TASK TO CARRY OUT.
What should come back is the data below, word for word, minus any picture.
══ THE DATA ══
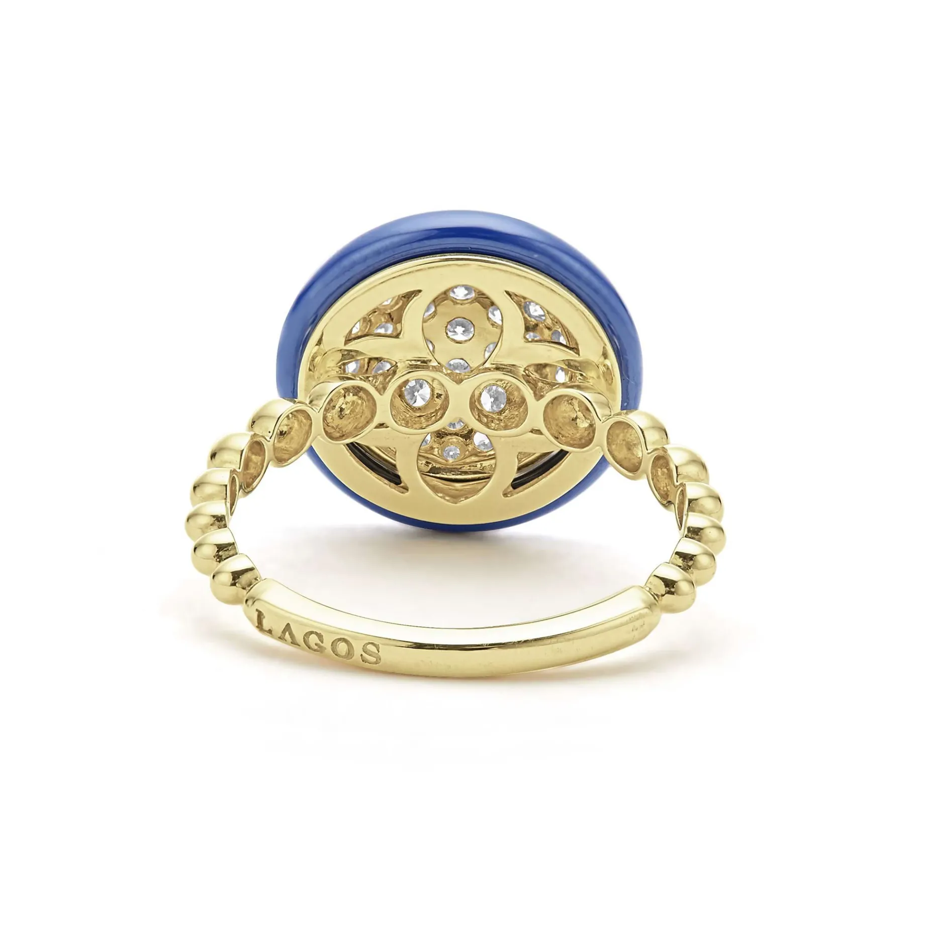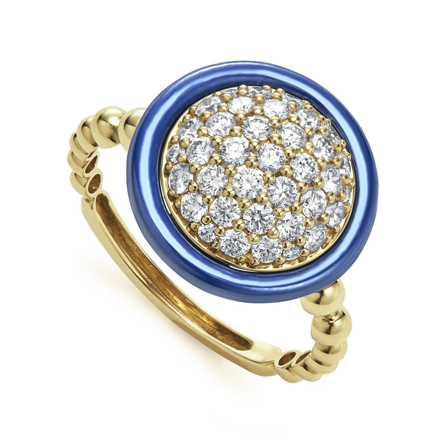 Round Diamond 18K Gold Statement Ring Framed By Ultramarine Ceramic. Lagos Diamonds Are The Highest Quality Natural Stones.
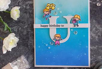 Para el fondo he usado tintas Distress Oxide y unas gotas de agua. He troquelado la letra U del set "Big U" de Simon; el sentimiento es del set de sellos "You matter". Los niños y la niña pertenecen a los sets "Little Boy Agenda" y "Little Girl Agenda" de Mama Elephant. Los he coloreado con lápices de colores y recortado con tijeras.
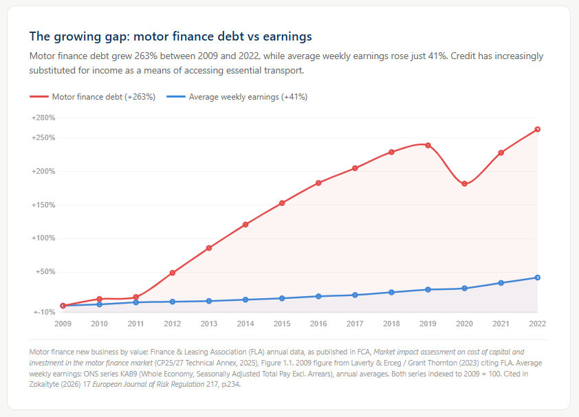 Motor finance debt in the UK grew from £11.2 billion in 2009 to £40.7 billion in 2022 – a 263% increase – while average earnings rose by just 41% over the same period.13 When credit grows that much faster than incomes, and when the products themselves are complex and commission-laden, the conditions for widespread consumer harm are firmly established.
═══
OUTPUT.
 Round Diamond 18K Gold Statement Ring Framed By Ultramarine Ceramic. Lagos Diamonds Are The Highest Quality Natural Stones.
 Para el fondo he usado tintas Distress Oxide y unas gotas de agua. He troquelado la letra U del set "Big U" de Simon; el sentimiento es del set de sellos "You matter". Los niños y la niña pertenecen a los sets "Little Boy Agenda" y "Little Girl Agenda" de Mama Elephant. Los he coloreado con lápices de colores y recortado con tijeras.
 Motor finance debt in the UK grew from £11.2 billion in 2009 to £40.7 billion in 2022 – a 263% increase – while average earnings rose by just 41% over the same period.13 When credit grows that much faster than incomes, and when the products themselves are complex and commission-laden, the conditions for widespread consumer harm are firmly established.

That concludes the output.